Your task >> The lines below from the one with "Miembros del Consejo" up to and including the one with "Традиционное ремесло казахских" are what you should set down, exactly and without pictures.

Exercise inputs >>
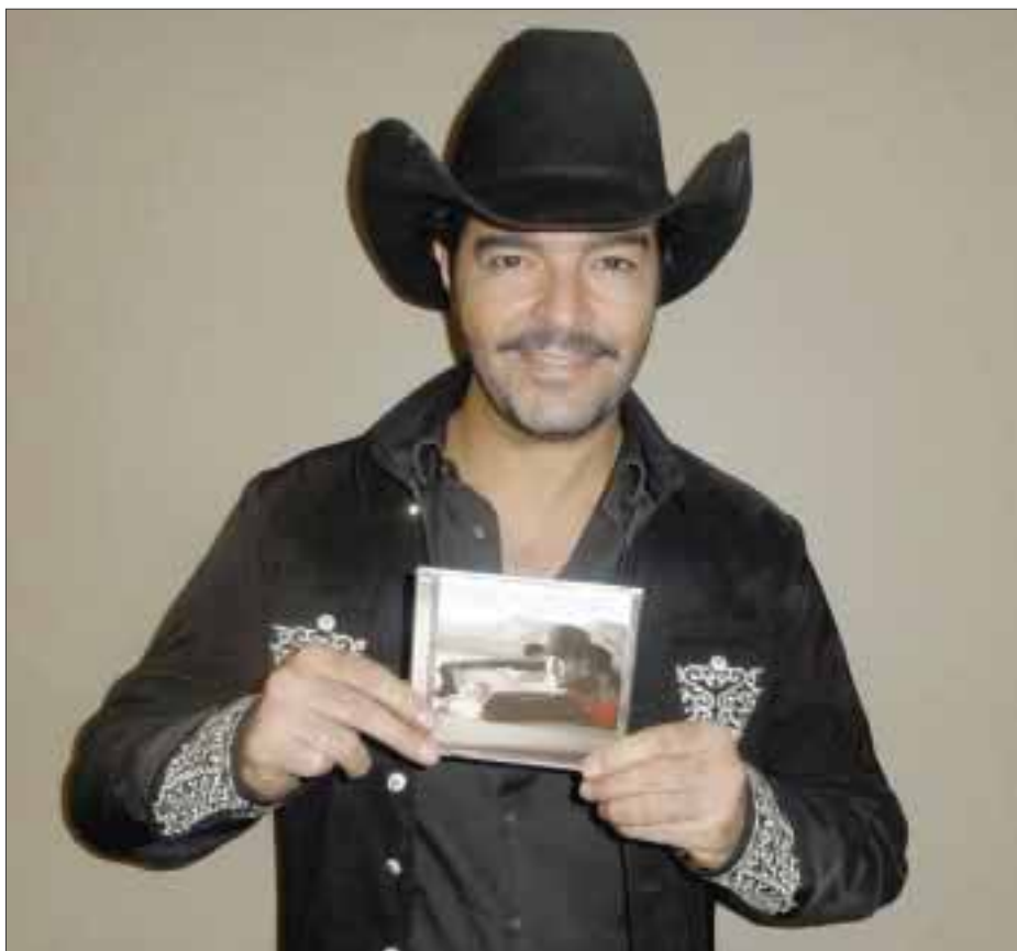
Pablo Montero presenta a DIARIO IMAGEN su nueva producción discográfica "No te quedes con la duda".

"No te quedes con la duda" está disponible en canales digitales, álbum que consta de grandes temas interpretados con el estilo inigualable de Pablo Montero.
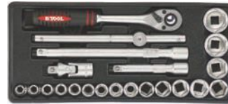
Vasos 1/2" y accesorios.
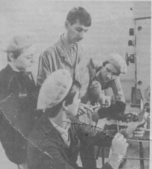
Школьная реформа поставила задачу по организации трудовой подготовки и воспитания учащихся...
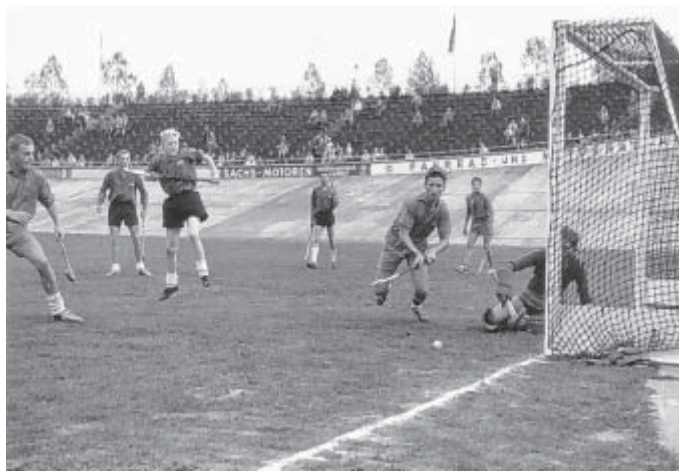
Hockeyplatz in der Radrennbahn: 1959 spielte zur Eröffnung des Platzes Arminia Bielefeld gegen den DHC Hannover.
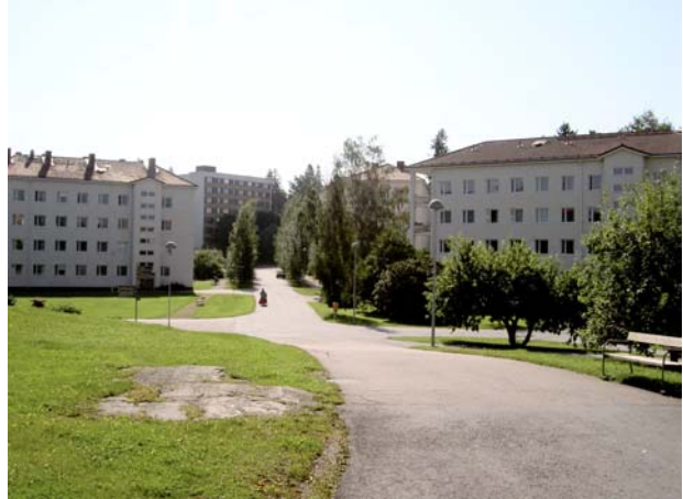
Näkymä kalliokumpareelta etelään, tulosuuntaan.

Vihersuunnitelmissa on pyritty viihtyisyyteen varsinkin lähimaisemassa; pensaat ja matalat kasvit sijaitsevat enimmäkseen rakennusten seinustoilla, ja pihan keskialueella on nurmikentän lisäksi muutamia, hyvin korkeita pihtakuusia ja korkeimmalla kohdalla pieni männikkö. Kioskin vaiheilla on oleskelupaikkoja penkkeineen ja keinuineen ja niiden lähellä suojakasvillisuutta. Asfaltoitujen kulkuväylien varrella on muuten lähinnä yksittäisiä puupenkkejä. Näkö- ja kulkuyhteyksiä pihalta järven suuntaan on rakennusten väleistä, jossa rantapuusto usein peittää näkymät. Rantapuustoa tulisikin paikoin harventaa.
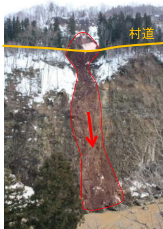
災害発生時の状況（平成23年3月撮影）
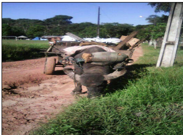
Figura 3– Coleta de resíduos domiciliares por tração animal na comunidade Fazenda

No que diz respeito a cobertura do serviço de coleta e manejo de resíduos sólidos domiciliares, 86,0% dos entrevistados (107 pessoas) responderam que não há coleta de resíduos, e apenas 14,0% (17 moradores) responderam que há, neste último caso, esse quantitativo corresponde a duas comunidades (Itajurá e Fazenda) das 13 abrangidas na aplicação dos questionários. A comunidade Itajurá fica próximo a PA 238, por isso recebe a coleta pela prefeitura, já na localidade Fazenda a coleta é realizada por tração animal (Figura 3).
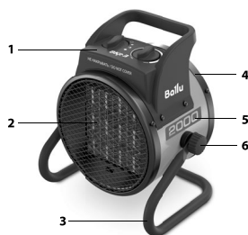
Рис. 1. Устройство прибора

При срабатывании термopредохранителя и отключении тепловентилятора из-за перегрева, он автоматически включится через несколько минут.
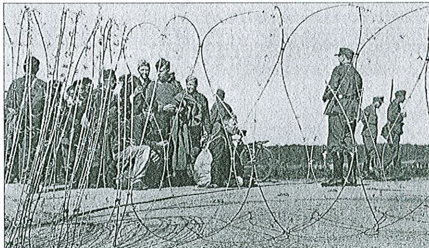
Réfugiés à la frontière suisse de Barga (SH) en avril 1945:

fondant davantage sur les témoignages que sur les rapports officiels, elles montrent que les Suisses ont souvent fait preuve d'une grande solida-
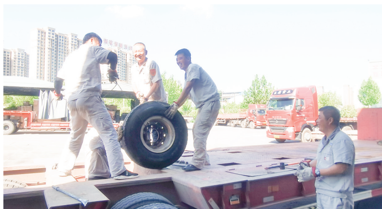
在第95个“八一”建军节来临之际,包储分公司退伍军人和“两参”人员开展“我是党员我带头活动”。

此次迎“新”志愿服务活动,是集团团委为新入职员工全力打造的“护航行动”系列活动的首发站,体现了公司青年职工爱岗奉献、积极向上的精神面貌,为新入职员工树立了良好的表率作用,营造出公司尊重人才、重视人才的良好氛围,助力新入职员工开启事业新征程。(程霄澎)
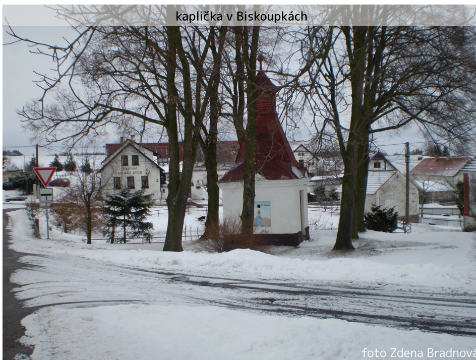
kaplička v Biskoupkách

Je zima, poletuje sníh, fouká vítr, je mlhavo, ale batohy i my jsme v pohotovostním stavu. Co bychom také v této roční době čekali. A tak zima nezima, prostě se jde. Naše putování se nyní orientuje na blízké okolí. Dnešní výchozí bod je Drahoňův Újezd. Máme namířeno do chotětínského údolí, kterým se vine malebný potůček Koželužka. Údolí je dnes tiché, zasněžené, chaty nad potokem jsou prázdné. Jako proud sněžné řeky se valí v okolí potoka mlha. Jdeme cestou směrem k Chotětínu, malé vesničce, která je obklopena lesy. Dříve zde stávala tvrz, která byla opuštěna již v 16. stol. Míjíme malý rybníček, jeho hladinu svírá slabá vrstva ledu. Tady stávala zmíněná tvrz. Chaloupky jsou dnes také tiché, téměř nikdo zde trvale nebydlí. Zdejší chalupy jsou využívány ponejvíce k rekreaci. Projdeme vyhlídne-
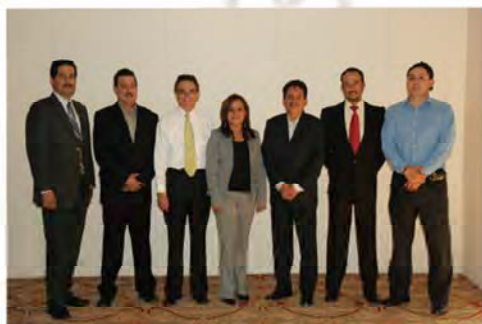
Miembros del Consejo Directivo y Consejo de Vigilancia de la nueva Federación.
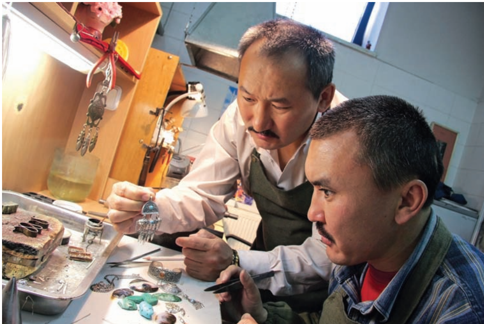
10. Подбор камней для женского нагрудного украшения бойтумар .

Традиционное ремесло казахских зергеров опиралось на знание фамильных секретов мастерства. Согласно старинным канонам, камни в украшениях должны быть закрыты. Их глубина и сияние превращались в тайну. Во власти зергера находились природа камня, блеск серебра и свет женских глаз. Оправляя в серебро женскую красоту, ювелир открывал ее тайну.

==

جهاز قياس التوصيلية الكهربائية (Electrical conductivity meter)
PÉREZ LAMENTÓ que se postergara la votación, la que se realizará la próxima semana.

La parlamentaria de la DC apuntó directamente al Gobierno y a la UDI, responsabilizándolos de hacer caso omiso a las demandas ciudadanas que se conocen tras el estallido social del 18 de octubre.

--

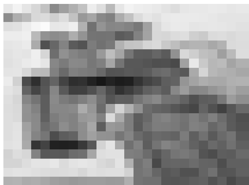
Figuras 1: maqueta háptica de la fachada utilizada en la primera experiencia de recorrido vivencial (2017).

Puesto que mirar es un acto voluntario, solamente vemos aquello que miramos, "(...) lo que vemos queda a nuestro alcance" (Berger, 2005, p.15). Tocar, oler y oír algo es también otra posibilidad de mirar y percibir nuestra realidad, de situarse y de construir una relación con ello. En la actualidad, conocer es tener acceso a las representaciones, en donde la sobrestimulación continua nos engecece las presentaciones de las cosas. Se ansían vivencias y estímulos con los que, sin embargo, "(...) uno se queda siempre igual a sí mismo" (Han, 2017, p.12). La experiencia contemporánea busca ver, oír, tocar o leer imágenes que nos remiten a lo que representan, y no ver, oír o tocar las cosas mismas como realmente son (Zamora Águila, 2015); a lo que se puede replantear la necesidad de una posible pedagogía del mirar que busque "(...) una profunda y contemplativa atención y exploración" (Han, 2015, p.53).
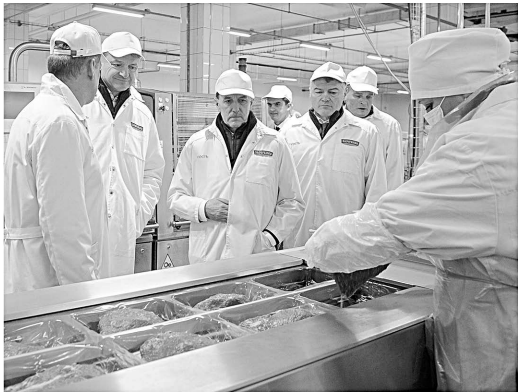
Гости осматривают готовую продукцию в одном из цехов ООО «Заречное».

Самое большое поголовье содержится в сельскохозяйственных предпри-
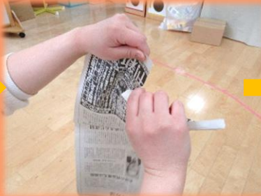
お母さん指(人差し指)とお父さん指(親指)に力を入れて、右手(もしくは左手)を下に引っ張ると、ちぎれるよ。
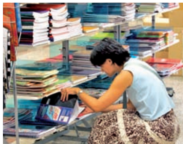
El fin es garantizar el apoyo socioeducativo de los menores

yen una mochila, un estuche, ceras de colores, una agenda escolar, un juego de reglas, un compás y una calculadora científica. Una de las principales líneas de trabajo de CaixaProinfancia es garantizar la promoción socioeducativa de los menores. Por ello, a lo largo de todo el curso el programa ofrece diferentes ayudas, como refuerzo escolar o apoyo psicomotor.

Written response >>
Miembros del Consejo Directivo y Consejo de Vigilancia de la nueva Federación.
10. Подбор камней для женского нагрудного украшения бойтумар .

Традиционное ремесло казахских зергеров опиралось на знание фамильных секретов мастерства. Согласно старинным канонам, камни в украшениях должны быть закрыты. Их глубина и сияние превращались в тайну. Во власти зергера находились природа камня, блеск серебра и свет женских глаз. Оправляя в серебро женскую красоту, ювелир открывал ее тайну.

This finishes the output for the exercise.